Took this photo in the hold of the Cutty Sark a few years ago, I often wonder if it was an intended or accidental visual joke:


----------



## I like Skol (21 Jun 2021)

wonderloaf said:


> Took this photo in the hold of the Cutty Sark a few years ago, I often wonder if it was an intended or accidental visual joke:
> 
> View attachment 595140


Four candles and fork handles. I would say it is purely coincidental......


----------



## Drago (21 Jun 2021)

Sharky said:


> Don't know my own strength!
> 
> View attachment 595131
> 
> ...


Hulk smash!


----------



## deptfordmarmoset (21 Jun 2021)

I like Skol said:


> Four candles and fork handles.

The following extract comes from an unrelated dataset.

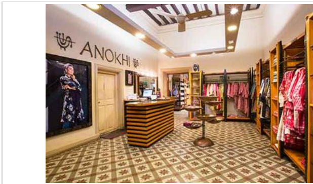
ร้าน Anokhi Shop

แล้วไป ช้อปปิ้ง ให้น่าใจ เท่าที่เวลาอำนวย Highlight พาไปร้านเสื้อผ้าชื่อดัง ร้าน ANOKHI จำหน่ายเสื้อผ้าสไตล์อินเดีย ผ้าฝ้ายแท้ 100% พิมพ์ลายเก๋ๆด้วยงาน Printed Block อันซีนชื่อของเมืองชัยปุระ

I would say it is purely coincidental......


It has to be done....


----------



## Tail End Charlie (21 Jun 2021)

If you have a farm supply shop nearby, they'll have fork handles in. I'd refit a handle rather than buy another fork.


----------



## I like Skol (21 Jun 2021)

deptfordmarmoset said:


> It has to be done....



Cheers, saved me a job, except I was going to post racing pigeon....


----------



## Sharky (21 Jun 2021)

I like Skol said:


> According to my properly brung up teenage kids, none of their peers know this classic sketch or get the quotes that ensue....


I find it hard to believe that it was first shown in 1976. That's 45 years ago. Still vivid in my mind, but understandable why your teens didn't know about it. Probably 30 years before they were born!


----------



## FrankCrank (22 Jun 2021)

deptfordmarmoset said:


> It has to be done....



There's a pub in that there Oxford called the Four Candles, have frequented many a time, and I always think of this sketch when visiting.


----------